With that in mind, one question before the lists (that I'm pretty sure I know the answer to). Counting armor on vehicle sides only applies to the statline, right? Even though an Annihilation Barge counts as AV13 on front and sides its still on AV11 for the purposes of total armor value?

Marines:
1 Librarian - force weapon, bolt pistol
5 Tactical - BP/CCW sergeant
5 Scouts - sniper rifles
1 Dreadnought - AC/DCCW

ORRRRRRR

Necrons:
1 Illuniminor Szeras (Overlords are 3 wounds )
10 Warriors
5 Scarabs
1 Annihilation Barge

The numbers on the 'Crons might be slightly off, my ipad is in the car. 


Thoughts?


----------



## Kelann08 (Nov 22, 2011)

Tourney is tomorrow. Anyone got some help on this?


----------



## spanner94ezekiel (Jan 6, 2011)

If going SM, I'd switch the dread for a dakka pred, and then beef up your tactical squad with power weapons/combi weapons etc.


----------



## Iron Angel (Aug 2, 2009)

2 wounds lops off almost the entire HQ slot for necrons, leaving you with one very, very crappy HQ (Szeras).

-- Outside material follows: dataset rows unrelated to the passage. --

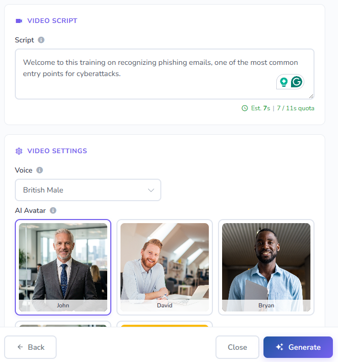 - Training Video: An AI-generated video featuring a virtual avatar narrating a script you provide.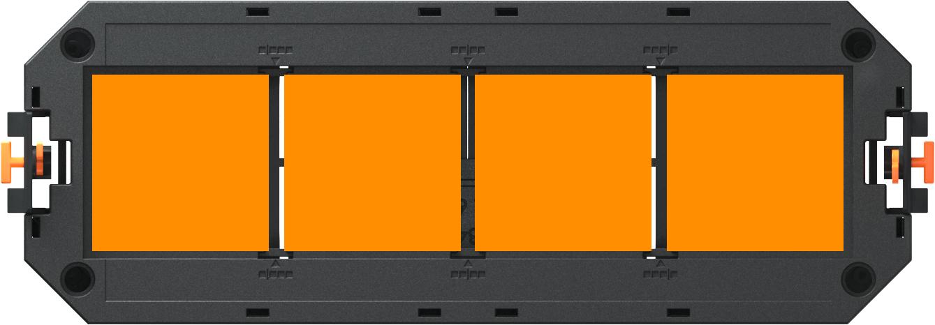 Universālais balsts ar diviem kabeļu nostiepes fiksatoriem, starpsienu un nosegplāksni UT4 P4 4 Modul 45 ierīču iebūvei ierīces statīvā OKB IT.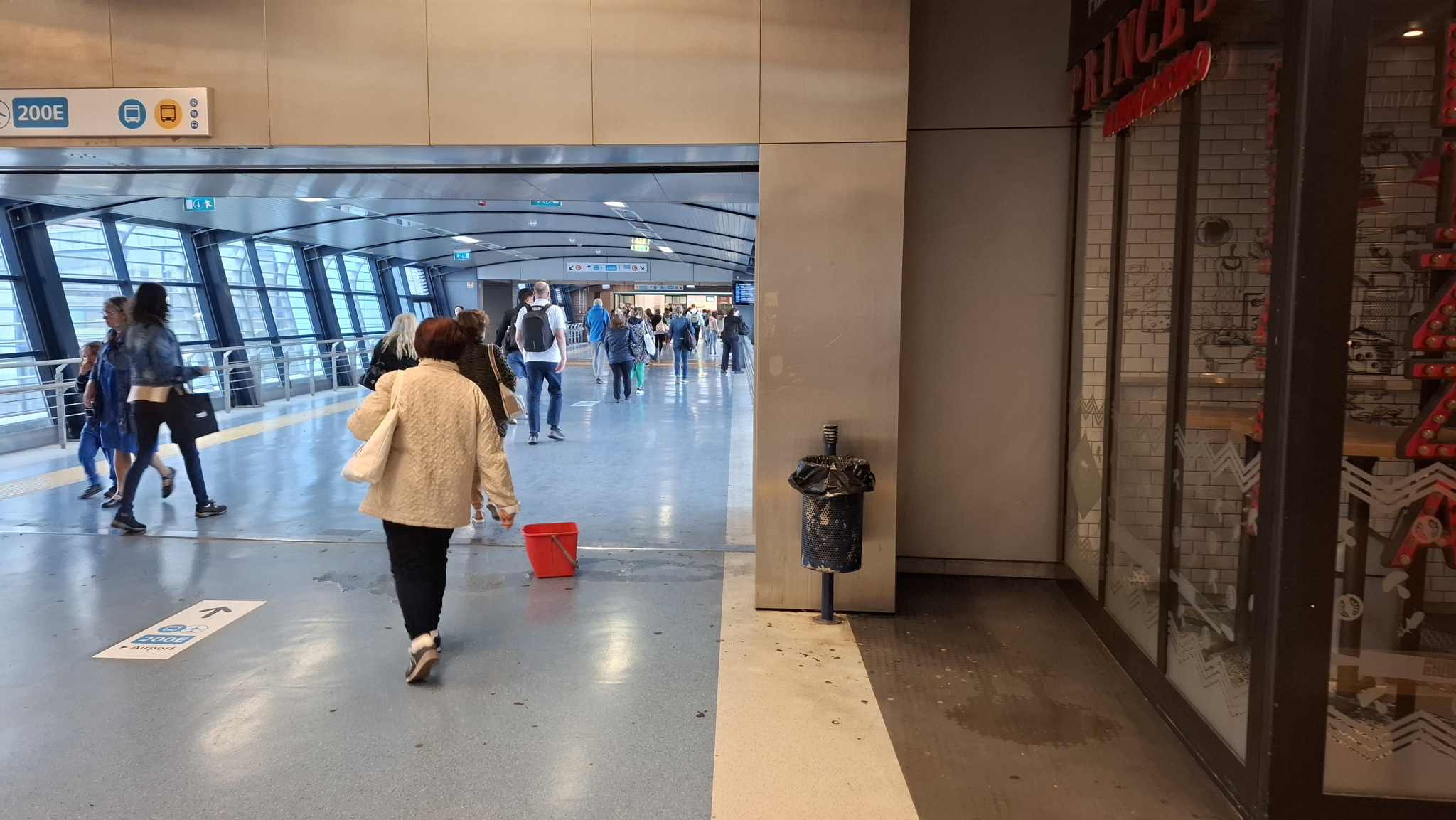 Egy másik beázás a mozgólépcső és az átvezető folyosó csatlakozásánál található, mely terület a KÖKI Terminál üzletközpont üzemeltetésébe tartozik, ezzel kapcsolatban a BKV Zrt.-nek nem illetékessége a válaszadás.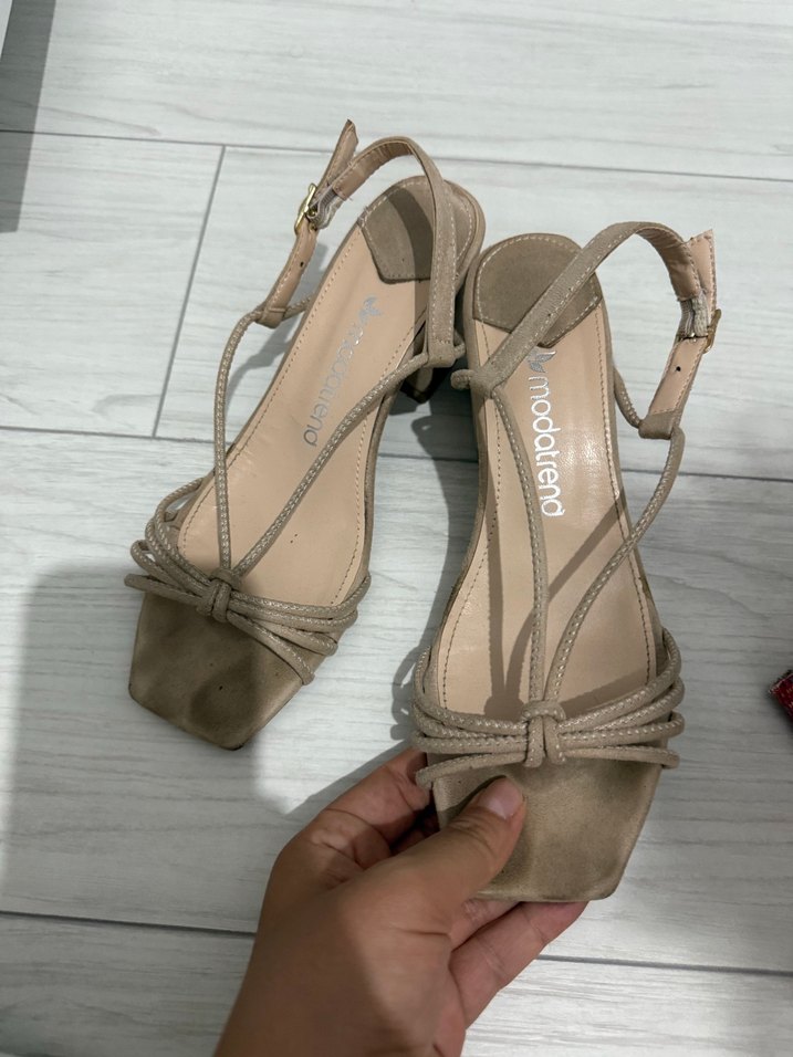 Bej Süet Stiletto Topuklu Kadın Sandalet

You can't even take the generics as they are all 3 wounds. With that in mind, go SM, as that neuters them the least.


----------



## tricktroller (Jan 27, 2012)

Sucks that according to those rules your choices are Szeras or possibly orikan if they count his base profile and that you have to take one of them according to the rules.... 


Also you can't take scarabs according to those rules since they have 3 wounds a piece.

Here is the list of things you can take according to those rules.

Illuminor Szeras
warriors
Immortals
Deathmarks
Lychguard
Triarch Praetorians
Flayed Ones
Canoptek Wraiths
Tomb Blades
Destroyers
and if flyers are allowed then the night scythe and doom scythe.


----------



## tricktroller (Jan 27, 2012)

In all Honesty for surviveability I would take for Necrons
Illuminor Szeras
10 Warriors
4 Wraiths 3 w/ whip coils

If you are worried about cc units this is great for counter cc because wraiths will eat lots of things for lunch and a 3++ is awesome for those pesky power swords. T5 or BS5 warriors are awesome S5 can be nice if you get charged and hey you also get defensive grenades!

Or

Illuminor Szeras
5 warriors
Doomscythe
3 Tomb blades

If you are worried about any kind of armor take the doom scythe beause it will kick a lot of ass. the tomb blades are there in cae you get the scouring mission type the warriors and szeras go together and he pot shots things with his s8 ap2 gun.


----------



## Iron Angel (Aug 2, 2009)

You know this was made like six months ago right? This is long finished by now.


----------



## tricktroller (Jan 27, 2012)

Doh! Thought it was a new post.


----------